# Welcome Rob Glasser



## Nick (Apr 23, 2002)

Please join us in welcoming Rob Glasser to the DBSTalk staff.

Rob has been a Dish subscriber since 1998 and a member of DBSTalk.com since 2/22/05. He is in the Seattle, Washington area and works as a systems engineer.

Rob has a two Dish Players, a DVR 942 and a PVR 721.

:welcome_s *Welcome, Rob!* :wave:


----------



## Jeff McClellan (Apr 22, 2002)

Welcome Rob, good to have you here.
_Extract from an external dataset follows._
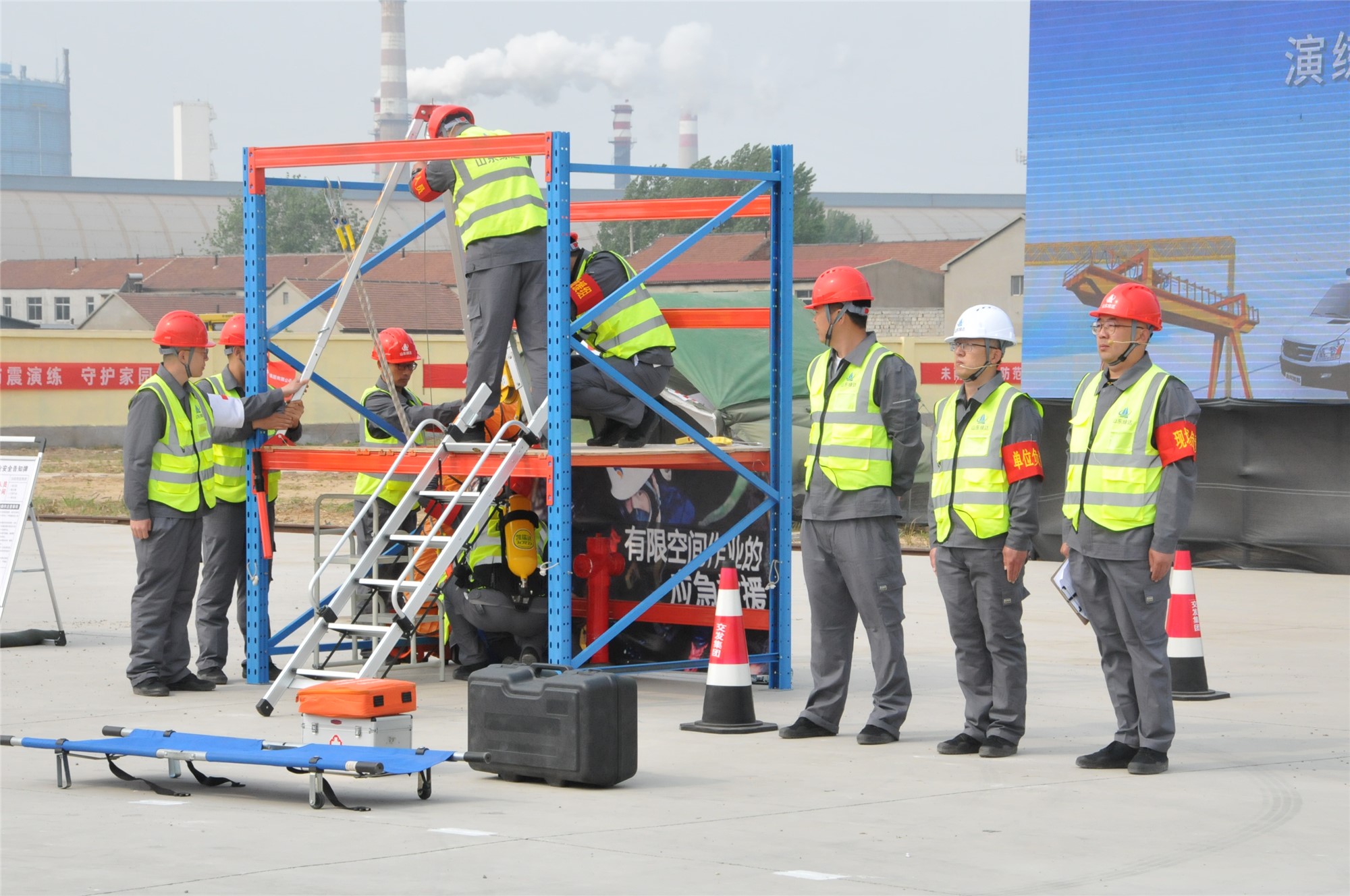 此次演練模擬背景為綠達公司濱海瀝青拌合廠職工在進入瀝青罐檢修時昏迷,現場負責人迅速向上級匯報并展開救援。

Man, this place is growing.


----------



## Rob Glasser (Feb 22, 2005)

Thanks guys, glad I can help.


----------



## Laverne (Feb 17, 2005)

:balloons: Welcome, Rob! :grin:

Don't let that first week get ya down too much!  :lol:


----------



## Redster (Jan 14, 2004)

Welcome Rob. Thanks for helping out.


----------



## Ron Barry (Dec 10, 2002)

Welcome Rob!!!..... Glad to have a fellow Firefox fan join the team.


----------



## Mike Johnson (Jan 16, 2005)

Welcome, Rob! It's great to have another 942 user on the staff!


----------



## Malibu13 (Sep 12, 2004)

Welcome Rob.  Just remember, "Laverne is watching" :grin:


----------



## Jason Nipp (Jun 10, 2004)

Actually she is, she pointed out to me, Rob's mod status within 2 minutes of me promoting him.

She wanted a prize for noticing, Donnie, send her a prize would ya.


----------



## Laverne (Feb 17, 2005)

:shrug:

I could be slower if you want!  :grin:


----------